Louis couldn’t help but shout “Elliot, was the artist in the authorized roster?” even though he knew the answer was ‘no’.

Joachim, the cold professional, had the solution. “I can mindwipe the collaterals that came with the Saint, but I can’t mindwipe one of your black projects without YOU risking the auditors find out. I can put some subconscious paranoid suggestions in the artist so he’ll hide everything he derives from his forward memories in obscure locations and through cryptic codes, but I can’t guarantee historic integrity.”

“Joe, that’ll be good enough.” came Elliot’s reply.

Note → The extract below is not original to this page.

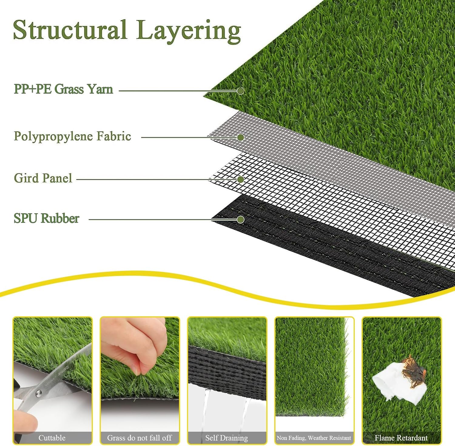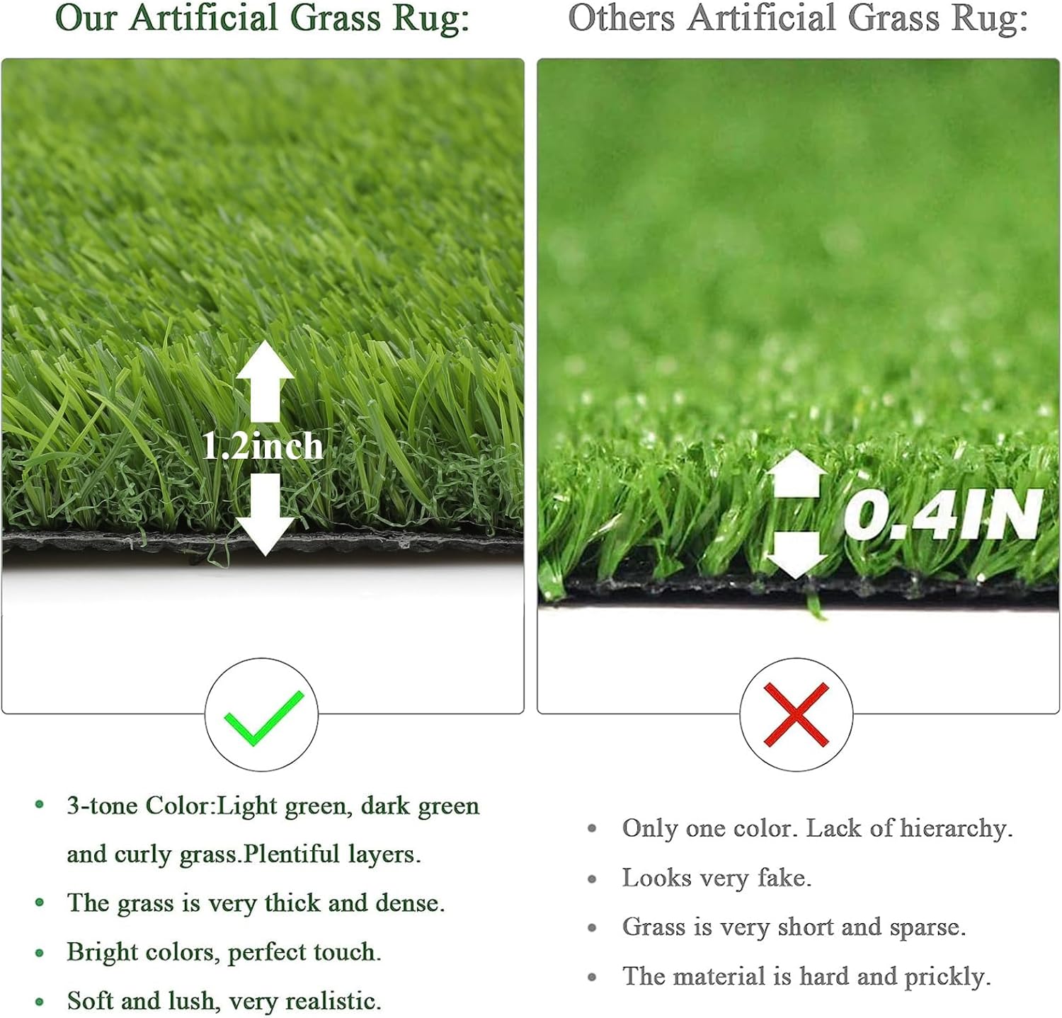 PREMIUM QUALITY SYNTHETIC GRASS TURF: Artificial turf outdoor rug uses top PE&PP synthetic materials and rubber backing to ensure product quality and safety. With good wear resistance and resilience, not easy to fall off or fade, it is an excellent fake grass outdoor rug for pets and family to play on.

****************************

The Italian artist took eleven days to nearly create a conceptual portrait of Elliot. In this time, Teresa de Cepeda y Ahumada died and the medical officer surmised it was of shock. Unknown to the crew, Philip II kept his Gregorian calendar up to date by marking off the days as they passed.

At the point where the fear line crossed the greed line, Elliot decided his portrait was complete (enough) and returned all the ‘consultants’ and collaterals to their proper locations and just a few hours forward in time, at a point in night where they’d be sleeping.

Thus it came to be that Commander Elliot Johnston had a portrait painted by Leonardo DaVinci that he kept hidden in his quarters and that that Teresa de Cepeda y Ahumada died on the night that King Philip II of Spain decreed as being October 4th - 15th, 1582 though he never would figure out why 11 days passed in one night.